Escribe Pablo Ospina Peralta
Las elecciones presidenciales en Ecuador han mostrado el notable crecimiento de Pachakútik, el movimiento político de izquierda indigenista liderado por Yaku Pérez. En este artículo, su autor –historiador e investigador ecuatoriano– explica por qué el movimiento indígena no apoya a Andrés Aráuz, el delfín de Rafael Correa.
Cristina Fernández dijo una vez que a su izquierda estaba la pared. Sus palabras traducían un problema común en todos los países que vieron surgir gobiernos progresistas durante la llamada “ola rosada” latinoamericana. Ante la emergencia de gobiernos que apostaron por reforzar la presencia del Estado en la economía y la sociedad, luego de dos décadas de un dominio casi absoluto de las agendas neoliberales, que pregonaban que el Estado era un lastre para la economía, no quedó prácticamente ningún espacio político para apuestas alternativas. Toda crítica y cualquier opción de autonomía en el campo popular se podía despreciar como un apoyo a la derecha convencional o, en el mejor de los casos, como un gesto puramente testimonial carente de realismo.
La reciente elección ecuatoriana sancionó la ruptura de esa fatalidad. El candidato del movimiento indígena ecuatoriano, Yaku Pérez Guartambel, obtuvo una votación de casi el 20% y todavía disputa, al escribir estas líneas, el paso al balotaje con el banquero Guillermo Lasso. Un segundo candidato, de un partido de centro tradicional, levemente socialdemócrata, con trayectoria en el sector empresarial de exportación, obtuvo un poco más del 15%, con lo que la dicotomía inescapable entre el correísmo y la derecha tradicional, quedó fisurada tanto por el centro como por la izquierda.

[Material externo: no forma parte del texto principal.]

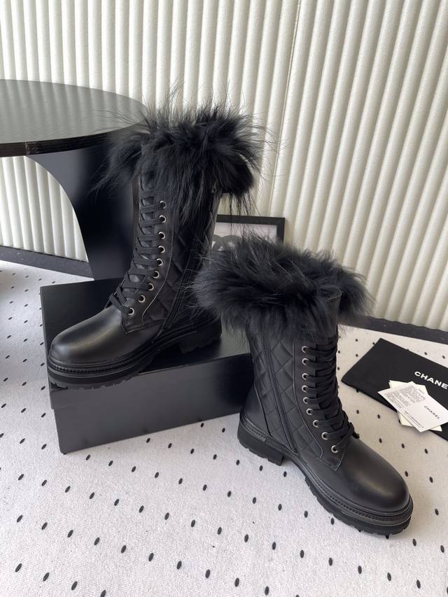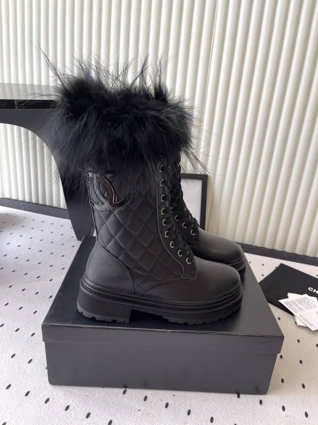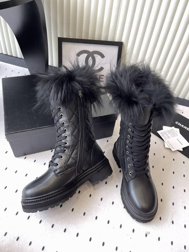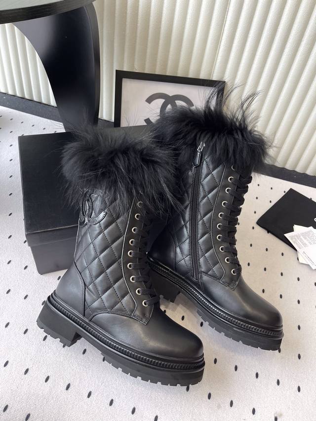 / Chanel秋冬新款厚底中靴,分别用进囗牛皮打造,靴囗上还增加了一圈貂毛,外增高度5Cm超显腿长,小美美特别喜欢,这是香奈儿今年秋冬打造的爆款,加上整个靴用全粒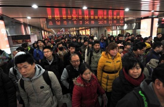 2月6日正月初七,2014全国春运迎来返程客流高峰。当日,北京西站预计到达旅客18.9万人,为了迎接返程高峰,西站将节前盯守的重点部位进站口调整为站台和出站口,在站台组织了10人的乘降小分队。同时,西站地铁站和出租车调度站都加派人手疏导旅客。另外,此前受中东部地区雨雪影响,京沪、京广、郑西高铁部分区段限速运行,致使多趟抵京的高铁列车晚点。图为北京西站出站客流。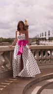 Strapless polka dot A-line gown with bow on side and a skirt slit.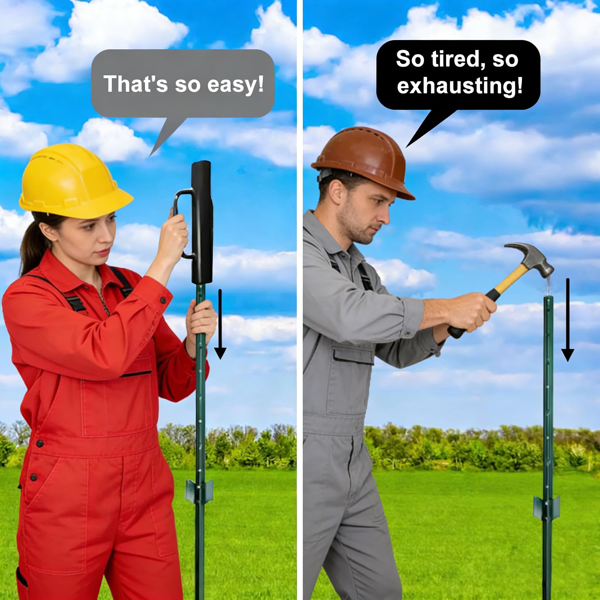 Multi-purpose: Reduce work injury with this post driver that easily driver steel posts into solid ground.Used to install the fence post, fix the garden mesh, protect garden fence using well.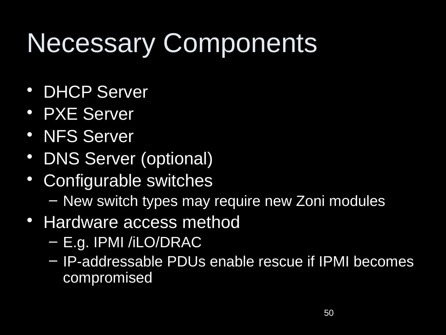 Reachable through python-MySQLdb interface. pExpect used for switch configuration; User information currently obtained through LDAP. 56. Summary. 57. Zoni.

Aunque el programa de gobierno de Yaku Pérez y el de Andrés Aráuz, el candidato auspiciado por Rafael Correa, tienen coincidencias en cuanto al aumento de los impuestos a las grandes fortunas y el reforzamiento del control estatal sobre la economía, sus proyectos políticos tienen profundas divergencias. La victoria electoral de Rafael Correa en 2006 estuvo precedida por intensas movilizaciones sociales lideradas por la Confederación de Nacionalidades Indígenas del Ecuador (CONAIE), la principal organización de los pueblos y nacionalidades indígenas del país, en contra de la suscripción de un tratado de libre comercio con Estados Unidos. Otro grupo de intensas movilizaciones anti-mineras marcaron el año 2006: varios campamentos de compañías extranjeras adjudicatarias de contratos de exploración de yacimientos metálicos fueron saqueados por las comunidades en resistencia. La candidatura de Correa se benefició entonces de dichas movilizaciones y de un estado de ánimo marcado por el cansancio ante las recetas de liberalización económica y reducción del tamaño del Estado.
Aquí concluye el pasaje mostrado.